We estimate continuous-time Markov transition processes, between employment statuses, to study
and compare the labor market dynamics in two populations: 1) individuals diagnosed with cancer,
and 2) individuals selected in the general population. The consequences of cancer diagnosis
were measured by the significant deviation in the transition matrix for cancer survivors in
comparison to the prior matrix standardized according to the general population. We accounted
for the probability that some individuals in the control group (i.e., the general population)
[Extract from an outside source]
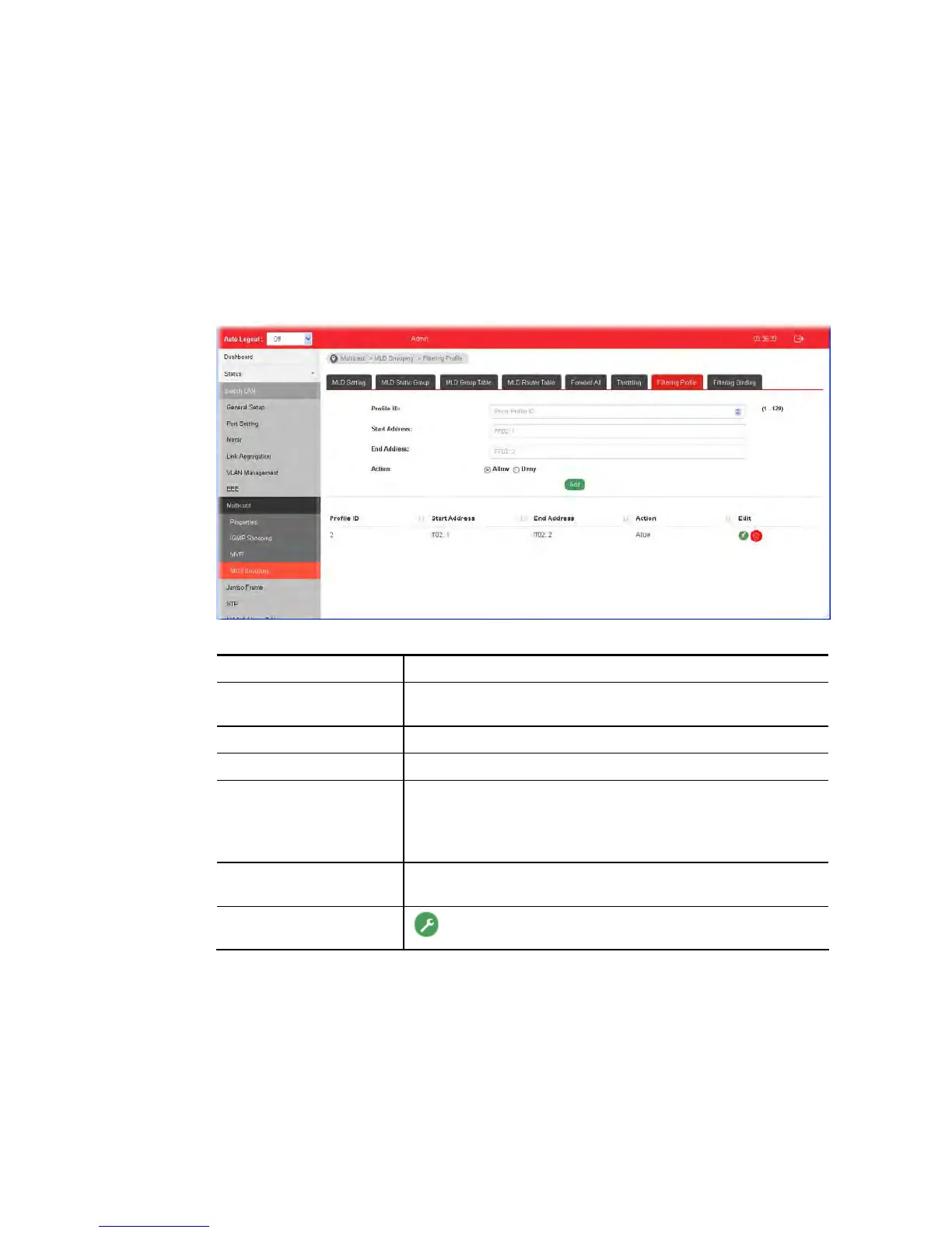 Profile ID Use the drop down list to select one filtering profile (1~128)

could be diagnosed with cancer which is a key-issue in case-control studies. The absence of
detailed information about the health statuses of the individuals in the control group required
the implementation of the EM algorithm for maximizing the adapted likelihood function. We
jointly estimated the probability of being diagnosed with cancer in the control group and the
parameters of our model. Given that individuals are exposed differently to cancer depending
on their activities, we stratified the dataset by socioeconomic status (SES) with two objectives:
1) to clearly distinguish between the cancer-specific effects, and 2) to account for the other
stigmatizing factors in the labor market that are inherent to the examined subpopulations (i.e.,
low- and high-SES groups). We also considered the systematic differences in the subjects’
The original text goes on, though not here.